As much as I like the F-16 things certainly would have been more interesting without it.  Actually considering Pierre Sprey and Co. were of the opinion that the Pentagon ruined their light fighter by making it multi role I wonder what would have happened if they had actually gotten their way and the USAF had been lumbered with a single role light fighter with no air to ground and very limited all weather (if any) capability? 


The guy who designed the F-16 actually has a thought. (and no its not Pierre Sprey that designed the F-16, everytime someone mis-attributes that I die a little inside :-X)

Quote
Boyd and Sprey would later admonish you for not sticking to the fighter mafia’s original intent summed up by the group’s motto “make it simple.” They fault the aircraft for getting heavy and overloaded with gadgetry. What is your response?

If we had stayed with the original lightweight fighter concept, that is, a simple day fighter, we would have produced only 300 F-16s, the same number of F-104s that were built.


However earlier in the interview he also said this:

Quote
You see, the F-15 was the first air-superiority fighter that the Air Force had put under contract in twenty-five years. They were committed to the F-15. They felt strongly that our airplane was just a hotdog airplane that was good only for air shows on sunny Sundays at the state fair. This view was strengthened to a degree by their experience with the Lockheed F-104. The F-104 was a really hot airplane that people loved to fly, but it didn't have much capability and not much range. The Air Force bought only 300 of them.

We were threatening for another reason. We were perceived as being anti-technology. Our slogan was "make it simple." The slogan itself may have been an oversimplification. We didn't articulate ourselves well early on.

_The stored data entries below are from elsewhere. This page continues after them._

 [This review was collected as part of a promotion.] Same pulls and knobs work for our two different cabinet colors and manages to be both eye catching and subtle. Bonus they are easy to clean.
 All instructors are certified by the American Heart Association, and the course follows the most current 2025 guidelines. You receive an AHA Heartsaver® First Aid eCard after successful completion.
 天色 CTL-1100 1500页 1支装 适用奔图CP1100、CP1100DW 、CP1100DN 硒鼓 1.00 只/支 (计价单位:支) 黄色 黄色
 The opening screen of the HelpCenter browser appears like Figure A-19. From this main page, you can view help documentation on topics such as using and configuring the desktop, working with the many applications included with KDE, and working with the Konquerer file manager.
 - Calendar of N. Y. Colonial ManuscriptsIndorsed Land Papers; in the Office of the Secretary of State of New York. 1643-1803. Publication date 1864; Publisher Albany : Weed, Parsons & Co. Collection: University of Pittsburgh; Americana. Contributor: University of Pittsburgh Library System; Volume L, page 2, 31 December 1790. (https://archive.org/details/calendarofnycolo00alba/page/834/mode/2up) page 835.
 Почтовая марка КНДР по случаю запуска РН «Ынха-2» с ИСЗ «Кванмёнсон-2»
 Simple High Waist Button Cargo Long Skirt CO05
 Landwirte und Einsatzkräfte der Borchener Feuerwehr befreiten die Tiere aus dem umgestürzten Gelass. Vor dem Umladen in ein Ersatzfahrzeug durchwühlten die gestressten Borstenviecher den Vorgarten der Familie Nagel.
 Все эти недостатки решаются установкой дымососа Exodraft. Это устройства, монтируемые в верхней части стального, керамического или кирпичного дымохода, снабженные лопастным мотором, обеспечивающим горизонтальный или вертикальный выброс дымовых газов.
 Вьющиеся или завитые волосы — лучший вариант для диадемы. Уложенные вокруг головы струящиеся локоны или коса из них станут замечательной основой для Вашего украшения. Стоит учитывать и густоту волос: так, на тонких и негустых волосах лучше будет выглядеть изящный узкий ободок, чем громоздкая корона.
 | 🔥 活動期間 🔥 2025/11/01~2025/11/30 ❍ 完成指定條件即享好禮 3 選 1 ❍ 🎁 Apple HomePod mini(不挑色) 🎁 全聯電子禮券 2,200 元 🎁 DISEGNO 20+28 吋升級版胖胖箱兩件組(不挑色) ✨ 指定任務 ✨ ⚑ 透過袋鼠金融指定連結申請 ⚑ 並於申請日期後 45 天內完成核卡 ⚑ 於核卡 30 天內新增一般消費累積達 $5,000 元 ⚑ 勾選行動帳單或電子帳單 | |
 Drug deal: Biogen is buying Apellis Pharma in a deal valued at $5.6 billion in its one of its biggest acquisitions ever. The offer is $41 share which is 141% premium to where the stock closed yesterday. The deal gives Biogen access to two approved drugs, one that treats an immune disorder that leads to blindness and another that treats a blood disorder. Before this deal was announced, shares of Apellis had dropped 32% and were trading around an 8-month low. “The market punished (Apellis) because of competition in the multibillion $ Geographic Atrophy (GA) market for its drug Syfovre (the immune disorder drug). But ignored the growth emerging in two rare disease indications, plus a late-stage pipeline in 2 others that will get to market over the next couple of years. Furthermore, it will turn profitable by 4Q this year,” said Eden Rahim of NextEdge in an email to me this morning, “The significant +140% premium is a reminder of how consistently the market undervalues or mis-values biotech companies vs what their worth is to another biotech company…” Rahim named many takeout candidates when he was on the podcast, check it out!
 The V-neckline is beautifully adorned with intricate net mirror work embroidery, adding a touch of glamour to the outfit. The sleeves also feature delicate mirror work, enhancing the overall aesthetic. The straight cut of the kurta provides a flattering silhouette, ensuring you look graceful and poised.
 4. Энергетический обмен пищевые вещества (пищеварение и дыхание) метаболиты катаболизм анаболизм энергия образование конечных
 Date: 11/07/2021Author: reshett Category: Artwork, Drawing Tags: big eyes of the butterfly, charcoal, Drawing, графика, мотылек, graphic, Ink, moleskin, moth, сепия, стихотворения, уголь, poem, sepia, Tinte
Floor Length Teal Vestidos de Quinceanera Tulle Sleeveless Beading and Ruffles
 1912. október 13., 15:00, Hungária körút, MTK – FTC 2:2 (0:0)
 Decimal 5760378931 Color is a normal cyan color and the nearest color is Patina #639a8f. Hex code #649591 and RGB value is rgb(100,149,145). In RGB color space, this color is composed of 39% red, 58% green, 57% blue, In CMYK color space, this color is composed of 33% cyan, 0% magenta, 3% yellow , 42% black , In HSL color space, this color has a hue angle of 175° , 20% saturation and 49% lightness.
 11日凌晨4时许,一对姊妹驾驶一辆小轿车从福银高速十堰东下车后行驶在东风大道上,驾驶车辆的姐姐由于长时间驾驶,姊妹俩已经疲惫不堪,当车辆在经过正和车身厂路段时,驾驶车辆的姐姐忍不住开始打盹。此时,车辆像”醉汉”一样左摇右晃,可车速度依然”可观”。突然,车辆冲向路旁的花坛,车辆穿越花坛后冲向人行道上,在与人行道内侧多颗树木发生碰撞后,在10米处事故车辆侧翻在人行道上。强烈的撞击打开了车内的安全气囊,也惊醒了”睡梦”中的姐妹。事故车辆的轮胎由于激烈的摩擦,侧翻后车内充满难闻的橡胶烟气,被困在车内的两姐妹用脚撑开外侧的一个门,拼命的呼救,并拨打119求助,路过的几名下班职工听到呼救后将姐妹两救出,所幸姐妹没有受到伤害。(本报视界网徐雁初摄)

The whole thing is worth a read and is certainly right at home on this topic:

http://www.codeonemagazine.com/article.html?item_id=37

<...>
Has anyone done a profile for a Turkish F-15?


Only ever did this one.




Thats hot  :-* I love how it follows the F-4 scheme, black nose, sharp turn aft the cockpit  :)

So is anyone audacious enough to make a list by country of what might have gone where best guess/rule of cool?  ???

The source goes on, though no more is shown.